Copy, exactly as written, the lines that begin at the one containing "鶴田はエルボーアタックを狙う" and end at the one containing "Razviti valjkom na". Skip any pictures in the data below.

- RECORDED DATA -

-----

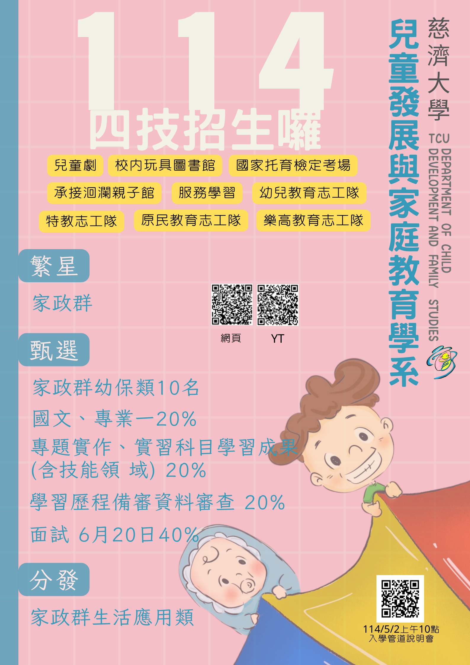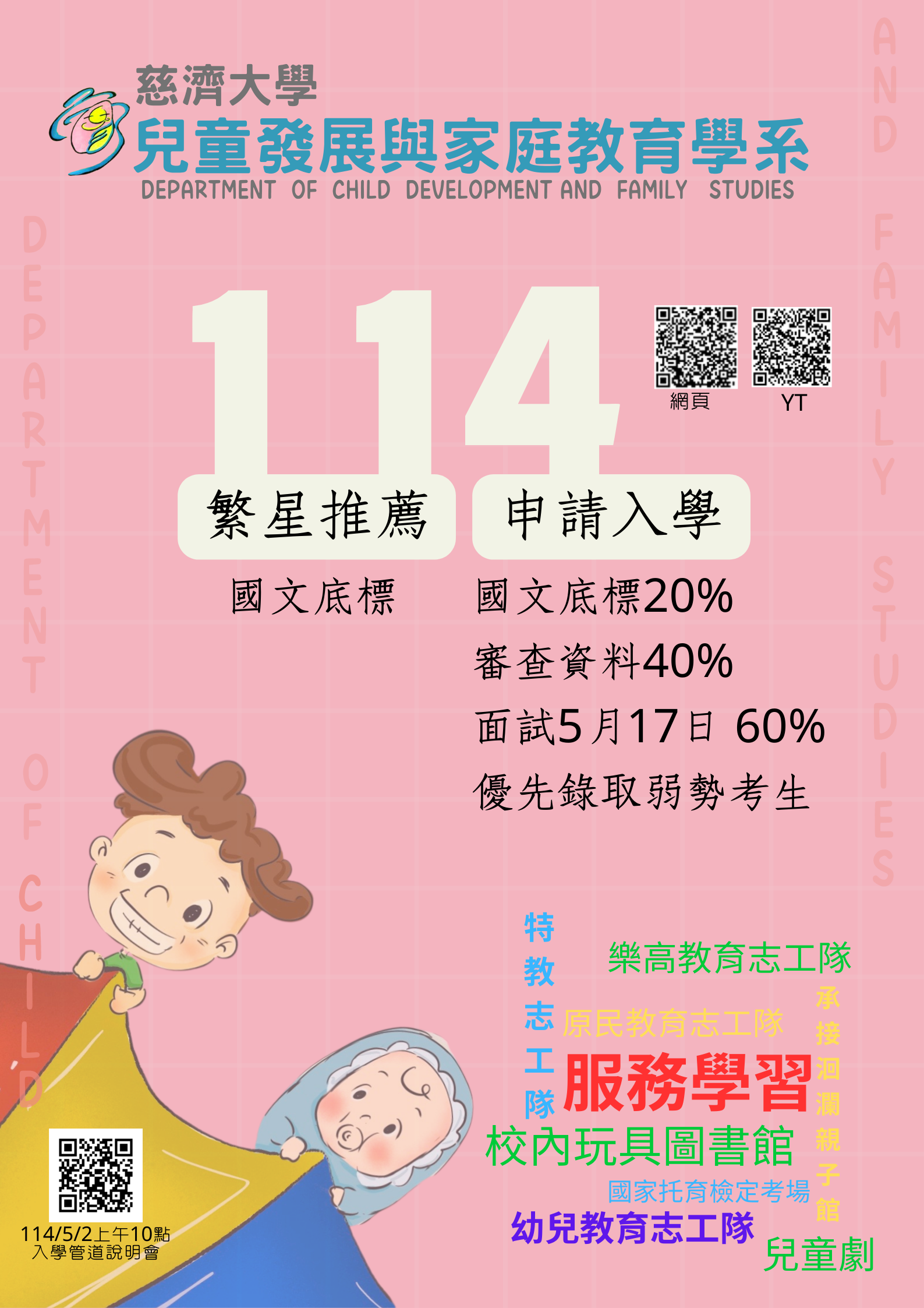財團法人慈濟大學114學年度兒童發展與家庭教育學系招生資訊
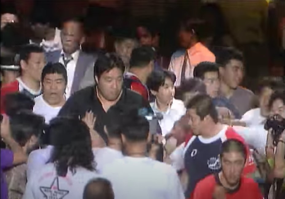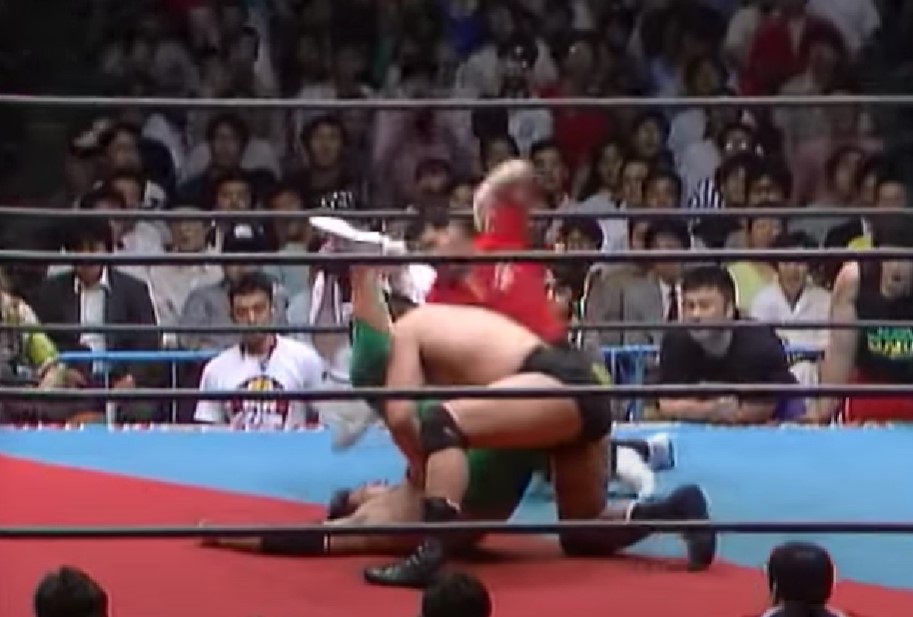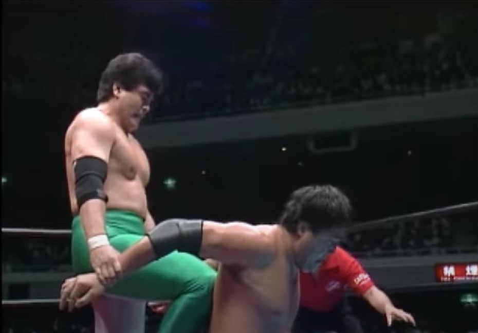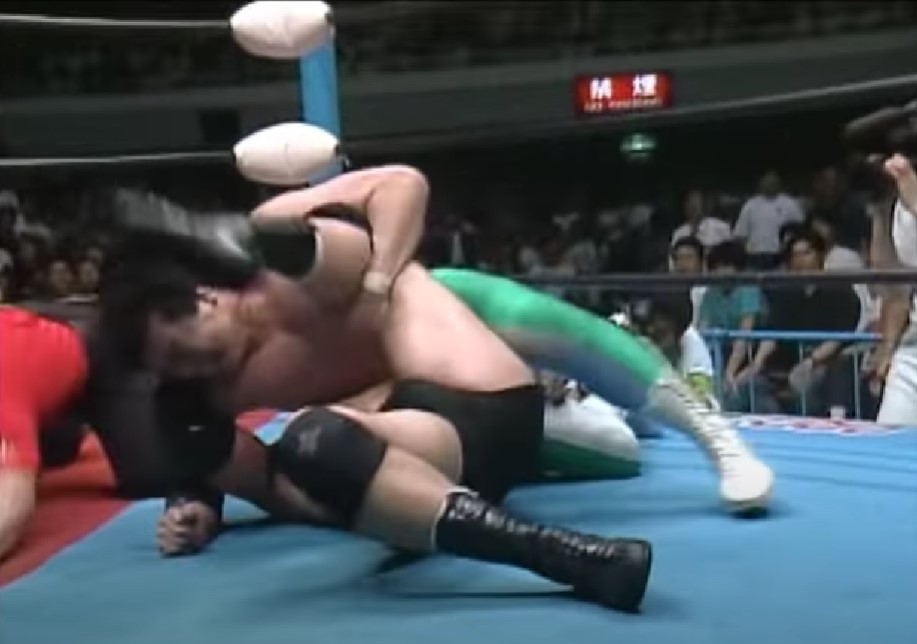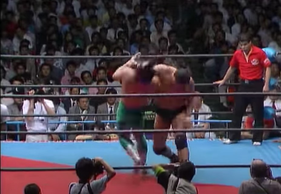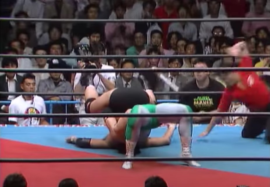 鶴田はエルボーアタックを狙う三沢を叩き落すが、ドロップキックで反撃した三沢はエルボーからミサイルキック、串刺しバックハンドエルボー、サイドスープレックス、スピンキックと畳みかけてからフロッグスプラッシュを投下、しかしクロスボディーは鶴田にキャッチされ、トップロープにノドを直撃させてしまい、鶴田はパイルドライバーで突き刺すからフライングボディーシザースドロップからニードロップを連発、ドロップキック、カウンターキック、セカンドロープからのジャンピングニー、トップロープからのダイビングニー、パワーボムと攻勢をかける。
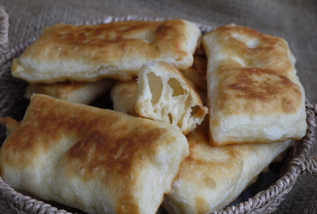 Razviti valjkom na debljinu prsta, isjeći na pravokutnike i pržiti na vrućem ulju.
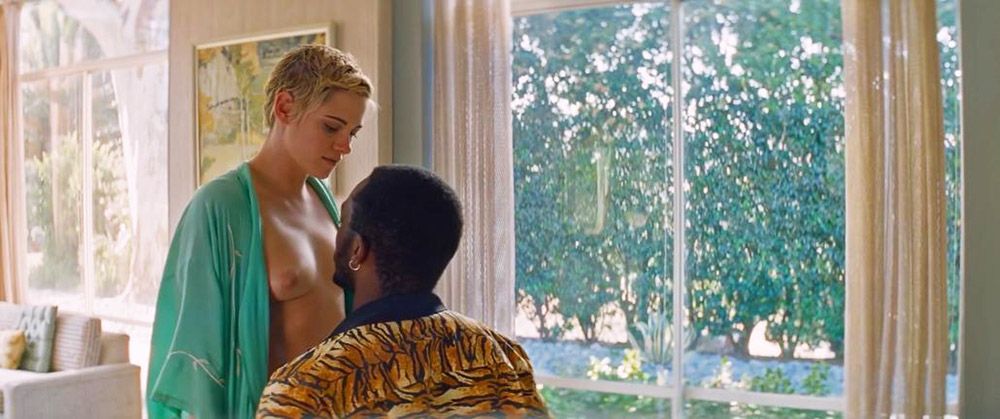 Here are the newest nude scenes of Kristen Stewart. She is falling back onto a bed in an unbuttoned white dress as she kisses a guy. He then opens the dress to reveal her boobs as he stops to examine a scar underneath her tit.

-----

- RESULT BELOW -
 鶴田はエルボーアタックを狙う三沢を叩き落すが、ドロップキックで反撃した三沢はエルボーからミサイルキック、串刺しバックハンドエルボー、サイドスープレックス、スピンキックと畳みかけてからフロッグスプラッシュを投下、しかしクロスボディーは鶴田にキャッチされ、トップロープにノドを直撃させてしまい、鶴田はパイルドライバーで突き刺すからフライングボディーシザースドロップからニードロップを連発、ドロップキック、カウンターキック、セカンドロープからのジャンピングニー、トップロープからのダイビングニー、パワーボムと攻勢をかける。
 Razviti valjkom na debljinu prsta, isjeći na pravokutnike i pržiti na vrućem ulju.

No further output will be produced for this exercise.